それは徐々に強くなり、やがて彼の体が少しずつ軽くなっていく。

ここでやっと、レイモンは彼女が何を考えているのか察した。


「う、ウソでしょ……うにゃぁぁぁぁぁぁぁ!!!」


レイモンは青ざめたまま、悲鳴を上げて空高く舞い上がった。

かなり本気の風魔術を使ったらしく、ヴェロニックの姿がとても小さく見えるほどだ。

彼はかなり高いところまで上がったかと思うと、やがて地面に引っ張られるように落下を始める。




恐怖で心臓が止まりそうになる中、ガスが充満している丘の上が目に入った。

そこではセレストが黄金色に輝く刀を振り回し、狂った野獣の如く敵を一撃で破壊し続けている。

その度にガスが噴出するも、彼は一切気にしない。

そんなセレストの暴れっぷりを、レニエはひたすら怯えて見ていた。


二人から少し離れたところには、ジャッドとナタン、ジェラールがいる。

ナタンは毒のせいで意識が朦朧としているみたいだが、それでも防御魔術を駆使してガスの入らない安全地帯を作っている。

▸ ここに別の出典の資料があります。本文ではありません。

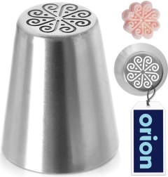 Cette douille russe à ouverture florale vous permet de créer en un instant de magnifiques fleurs en crème au beurre ou meringue. Idéale pour décorer gâteaux, tartes et petits desserts. Le corps en acier inoxydable assure une longue durée de vie, un nettoyage facile et un contact alimentaire sûr.
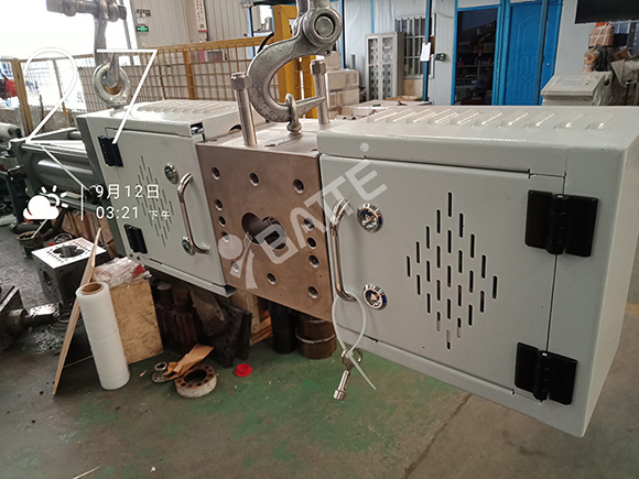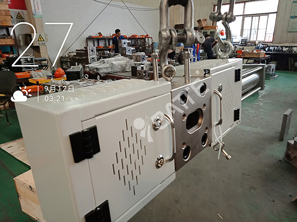 擠出機換網(wǎng)器為雙工作位替換工作,一慮網(wǎng)過濾,一慮網(wǎng)在換網(wǎng)器主體外備用。往復(fù)板板兩端有網(wǎng)塊保溫加熱裝置,用于過濾易結(jié)晶或易老化的塑料時,在更換濾網(wǎng)時應(yīng)取出網(wǎng)塊,清除出網(wǎng)孔中的塑料。單板式換網(wǎng)器在更換慮網(wǎng)時有蓄能器增加動力,因此更換濾網(wǎng)網(wǎng)的速度快、動力大,在更換慮網(wǎng)時嚴(yán)禁網(wǎng)塊或濾網(wǎng)毛邊漏出往復(fù)板外面,更不允許用手觸摸。

その中で、ジャッドは微力ながらも銃でセレストの援護をしている。

ジェラールも毒にやられてうまく動けないみたいだが、三人のいる場所に入ろうとするロボットを必死に抑え込んでいた。


正直、かなり不利だ。

ナタンの意識が途切れば、ジャッドも毒の餌食になってしまう。

セレストは何故か大丈夫そうだが、彼にも体力の限界がある。

レイモンでもこの状況がまずいことはすぐに分かった。



レイモンは咄嗟に弓を構え、矢先に火をつけた。

しかし矢を射ろうとした時、すぐにその手を止めてしまった。


(待って……このまま引火させれば、みんな爆発に巻き込まれる!)


この状態で爆発すれば、到底みんなが無事に済むような気が全くしない。

もしかすると、自分がみんなを殺してしまう可能性だってある。

そう考えると、レイモンの手には力が入らず矢が惨めに震えてしまった。


「撃てぇぇぇ!!!」


突然、鋭くて高い声が響き渡った。

声の主を見ると、ジャッドがレイモンの方を見ている。

その顔には、指揮官としての覚悟と肝の据わった力強さがあった。

まるで自分達のことは心配するなと言わんばかりに。


「――っ!」


レイモンは意を決して、皆に向かって火矢を放った。